John F. Kennedy Jr.'s last flight on July 16, 1999, was meant to be to a family function. His cousin Rory was getting married, and John Jr. had promised her he would be there. He would be the sole representative from his side of the family; his sister wasn't attending. There was a question in the days immediately before the flight whether John Jr.'s wife, Carolyn Bessette, would attend as well. Husband and wife were alleged not to be on speaking terms, and according to Edward Klein's "The Kennedy Curse," Carolyn was also reluctant to go anywhere near John Jr.'s flying hobby.

Klein wrote that Carolyn's sister Lauren managed to mediate the couple's problems, at least temporarily, the night before John Jr.'s flight. She persuaded her sister to join her husband at the wedding and joined the flight party herself, at least for part of it. The plan was for Lauren to get dropped off at Martha's Vineyard. John Jr. and Carolyn would then fly to Hyannis Port, to the Kennedy compound, for the wedding.

The flight was late in getting off the ground, and hit the skies despite the fact that other flights out of New Jersey that night had been called off on account of poor visibility. John Jr.'s plane never arrived in Martha's Vineyard, where longtime friend Dan Samson was waiting to pick up Lauren.

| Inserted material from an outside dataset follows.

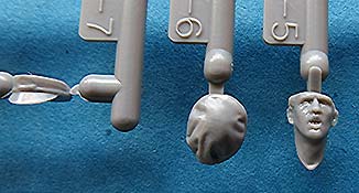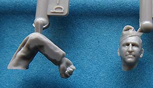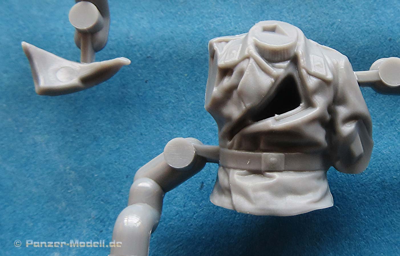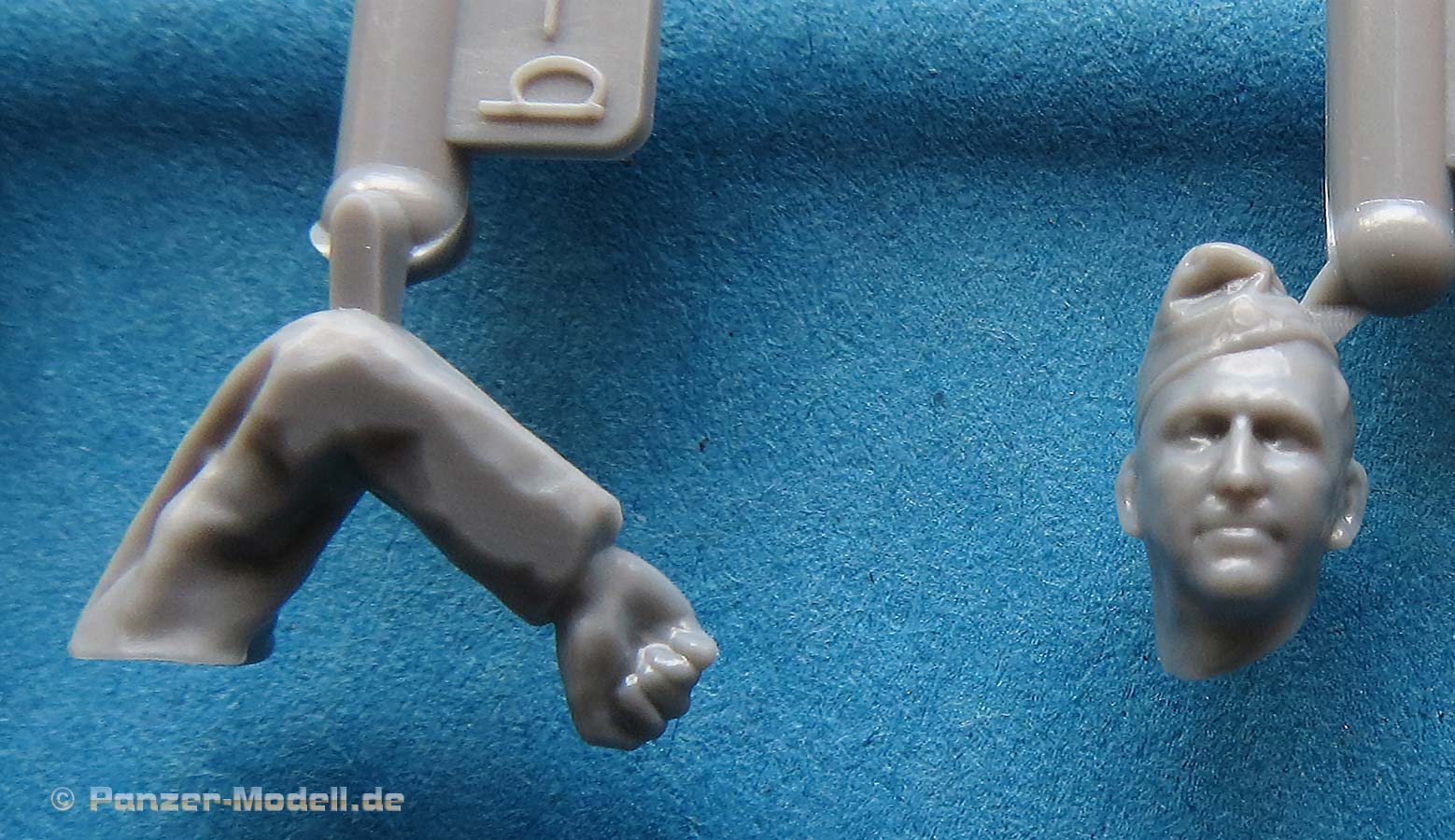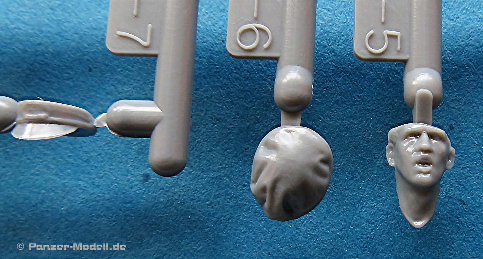 Auch die Luken im Turms lassen sich alle offen oder geschlossen bauen - aber auch hier, trotz der dargestellten Innendetaillierung der Kanone, ist der Turm im Grunde innen leer. Von daher offene Luken besser nur wenn man eine Figur in die offene Luken setzt oder stellt - und wo wir bei dem Thema sind, wäre Tamiya nicht Tamiya, wenn diesem Bausatz nicht zumindest 3 passende Figuren beigefügt hätte. Diese sind Spritzgussfiguren aus wenigen Teilen mit sehr schönen Posen und guten Details. Für die eine Figur liegen sogar zwei verschiedene Köpfe bei. Die Gesichter der Figuren sind ausdrucksstark und sauber modelliert und gespritzt. Von den Posen her ist eine Figur für die Kommandantenkuppel und die beiden anderen für die jeweiligen Seitenluken im Turm.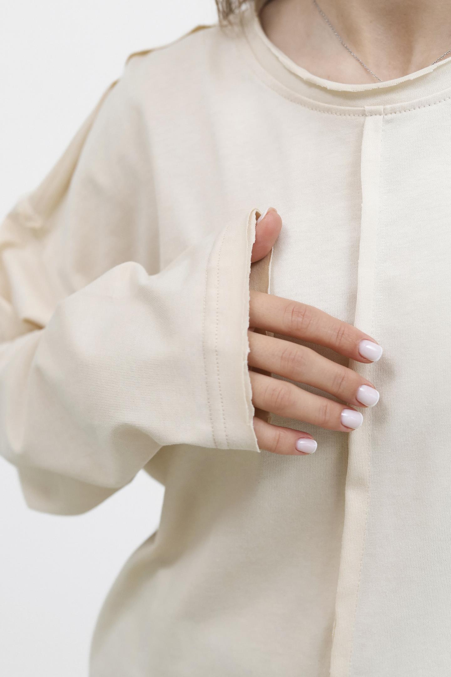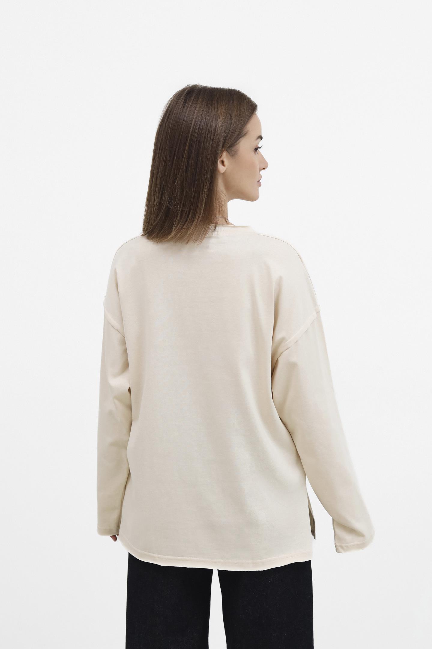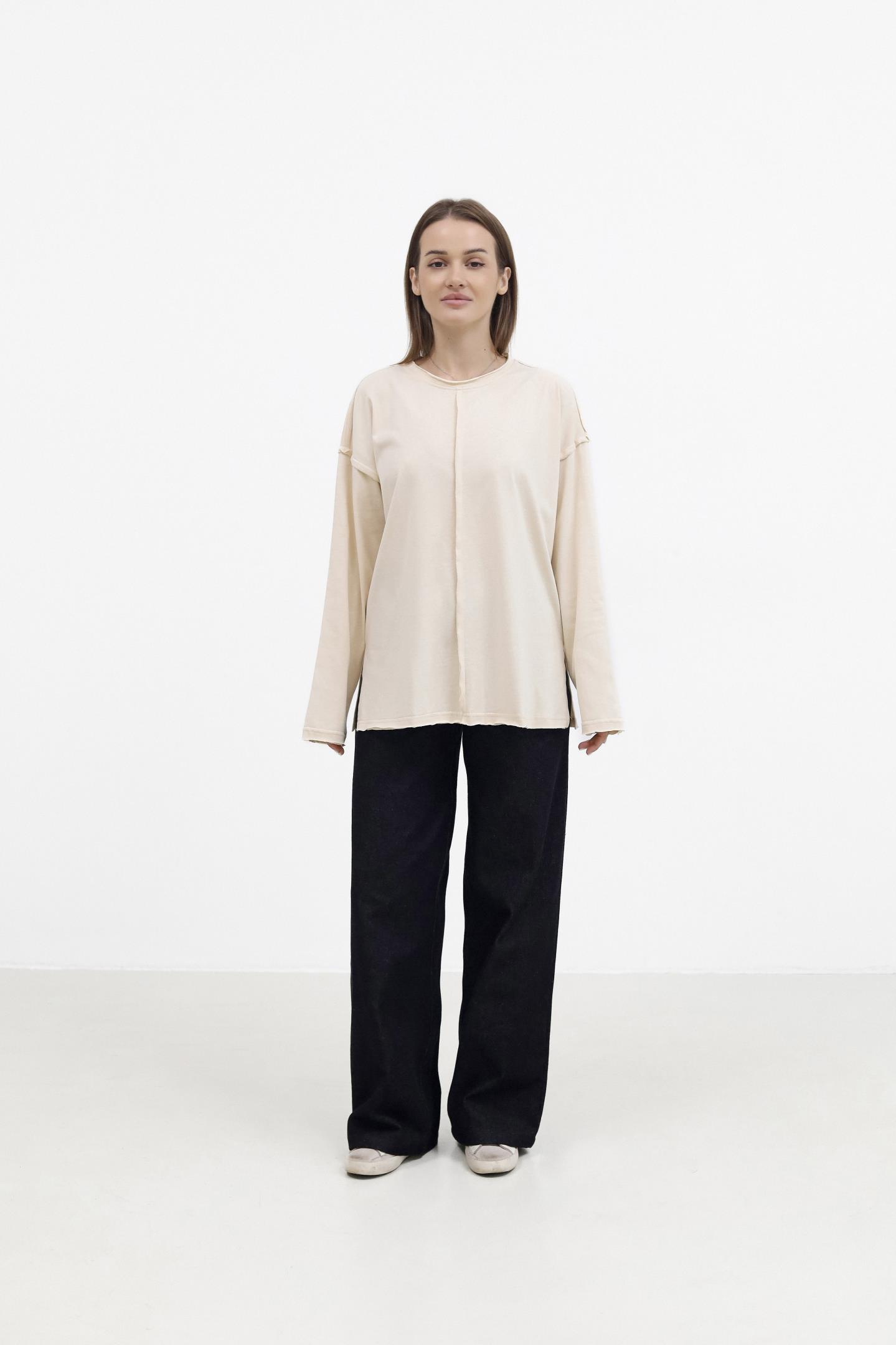Головна Жінкам Футболки, топи та лонгсліви Бавовняний лонг із акцентною лінією Кремовий

There had been a death in the family already

The death of John F. Kennedy Jr. came on the heels of a series of misfortunes for the family, some of them John Jr. himself felt compelled to answer for. He had used his editorial in George magazine to denounce the behavior of his cousins, Michael Kennedy and U.S. Representative Joseph Kennedy. The older Joseph sought to annul his marriage to Sheila Rauch in 1996, despite having divorced her five years earlier. The Episcopalian Rauch responded by appealing the annulment and launching a public assault on the concept. The following year, Michael Kennedy was found to have carried on an affair with his underaged babysitter, a revelation that helped sink his brother's gubernatorial campaign. 

"Two members of my family chased an idealized alternative to their life," John Jr. wrote in George (via The Washington Post). "Both became poster boys for bad behavior." He went as far as to call Michael's scandal a "hedge against morality" and suggested the fierce condemnation he and Joseph received was deserved. But he also admitted to his own temptations and asked, apparently in regards to Joseph, "Since when does someone need to apologize on television for getting divorced?"

The latest Kennedy tragedy before John Jr.'s death was Michael's untimely end in a skiing accident on New Years Eve 1997. John Jr. attended and participated in the service and was seen embracing his surviving cousin.